Students draw a figure on the coordinate plane that matches a written description.

# Key Concepts

• Ordered pairs name locations on the coordinate plane. The first coordinate tells how many units to go left or right of the origin (0,0) along the x-axis. The second coordinate tells how many units to go up or down from the origin along the y-axis.

# Goals and Learning Objectives

• Draw a figure that matches a description of a figure on the coordinate plane.
• Give coordinates of points on the coordinate plane.
• Write descriptions of figures on the coordinate plane.

# Lesson Guide

Review the convention for naming points on the coordinate plane.

Give students a minute to think about the problem. Then have them discuss the problem with a partner.

Discuss students’ solutions to the problem. For each proposed solution, have the class work together to prove or disprove that the line matches the description.
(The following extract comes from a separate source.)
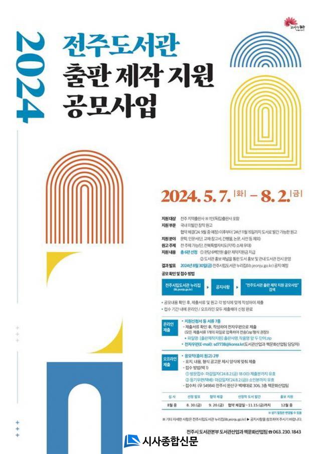 ÀüÁֽô ¡®2024 ÀüÁÖµµ¼°ü ÃâÆÇ Á¦ÀÛ Áö¿ø °ø¸ð»ç¾÷¡¯À» 7ÀϺÎÅÍ 8¿ù2ÀϱîÁö Á¢¼ö¹Þ´Â´Ù°í ¹àÇû´Ù. ÀüÁֽô À̹ø °ø¸ð¸¦ ÅëÇØ ÃÑ 6ÆíÀÇ ÀÛǰÀ» ¼±Á¤, ÃÑ 3,600¸¸ ¿øÀÇ ÃâÆÇ Á¦ÀÛÁö¿ø±ÝÀ» Áö¿øÇÒ ¿¹Á¤ÀÌ´Ù. °ø¸ð´Â 1ÀÎ ¹× µ¶¸³ÃâÆÇ»ç¸¦ Æ÷ÇÔÇÑ ÀüÁÖ¿¡ ¼ÒÀçÁö¸¦ µÎ°í ÀÖ´Â Áö¿ª ÃâÆÇ»ç¸¦ ´ë»óÀ¸·Î ÁøÇàµÈ´Ù.

Elicit that there is only one line segment that meets this description, the line segment where the other endpoint is (2.5,3).
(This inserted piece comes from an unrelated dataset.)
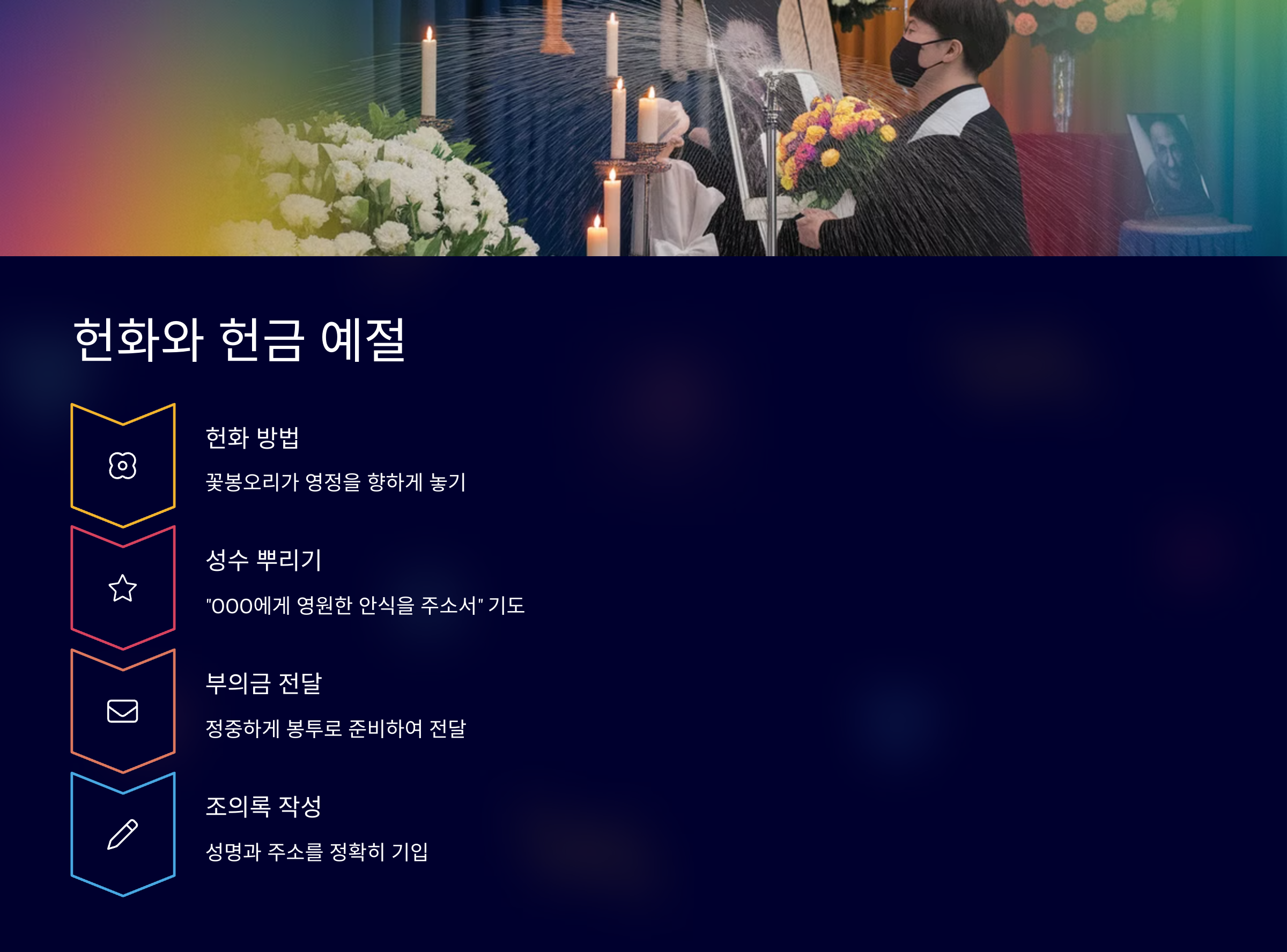 🙏 헌화와 헌금은 단순한 형식이 아니라, 고인을 향한 진심 어린 기도로 이어져요. 무언의 기도가 가장 큰 위로일 수 있어요.

# Draw a Line on the Coordinate Plane

• On the Coordinate Plane Plotter, draw a line segment that meets the following description:
• One endpoint of the line segment is (−2.5,3).
• The point (0,3) is on the line segment.
• The line segment is 5 units long.
• Name the other endpoint.

INTERACTIVE: Coordinate Plane Plotter

# Lesson Guide

Discuss the Math Mission. Students will draw a figure on the coordinate plane that matches a description.

## Opening

Draw a figure on the coordinate plane that matches a description.

# Lesson Guide

Have students work independently on each problem and then discuss their answers with a partner.

ELL: When ELLs work with a partner, allow them to use their language of origin if they are paired with a student who speaks that language.

SWD: Struggling math students may need explicit explanation of the connections between this new concept and previously learned concepts. Ask scaffolding questions to promote student “discovery” of these connections.

# Interventions

Student has difficulty getting started.

• What do you know?
• What do you know about the lengths of the sides of a square?
• How long is a side of the square?

Student presents his work poorly.

• Have you checked your work?
• Would someone be able to recognize your figure and its location on the coordinate plane?

Student has an incorrect solution.

• Have you checked your figure against its description?
• Where is the lower left corner of the square?
• How long is a side of your square?
• Does your square have sides that are all the same length?

Student has a correct solution.

• Explain your strategy for solving the problem.

# Mathematical Practices

Mathematical Practice 6: Attend to precision.

Students will need to follow the description exactly in order to draw the correct figure. Identify examples of students who attend to precision and those who do not.

Mathematical Practice 1: Make sense of problems and persevere in solving them.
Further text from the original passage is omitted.